- [EXERCISE DATA]
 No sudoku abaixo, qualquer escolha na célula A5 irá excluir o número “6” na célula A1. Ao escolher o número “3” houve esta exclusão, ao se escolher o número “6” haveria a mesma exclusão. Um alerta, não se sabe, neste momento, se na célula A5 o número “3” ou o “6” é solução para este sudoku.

...

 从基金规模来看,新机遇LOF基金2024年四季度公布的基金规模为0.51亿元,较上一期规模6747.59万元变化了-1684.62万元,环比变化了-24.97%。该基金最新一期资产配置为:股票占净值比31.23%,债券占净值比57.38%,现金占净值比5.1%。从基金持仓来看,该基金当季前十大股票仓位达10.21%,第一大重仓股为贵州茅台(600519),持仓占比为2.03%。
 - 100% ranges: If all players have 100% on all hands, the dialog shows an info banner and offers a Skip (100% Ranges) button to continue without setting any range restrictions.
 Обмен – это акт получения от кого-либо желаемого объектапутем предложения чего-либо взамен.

- [WHAT TO WORK ON]
Look above for the line holding "- 100% ranges: If" and the line holding "Обмен – это". Retype both, and every line between them, word for word and nothing else.

- [SOLUTION BELOW]
 - 100% ranges: If all players have 100% on all hands, the dialog shows an info banner and offers a Skip (100% Ranges) button to continue without setting any range restrictions.
 Обмен – это акт получения от кого-либо желаемого объектапутем предложения чего-либо взамен.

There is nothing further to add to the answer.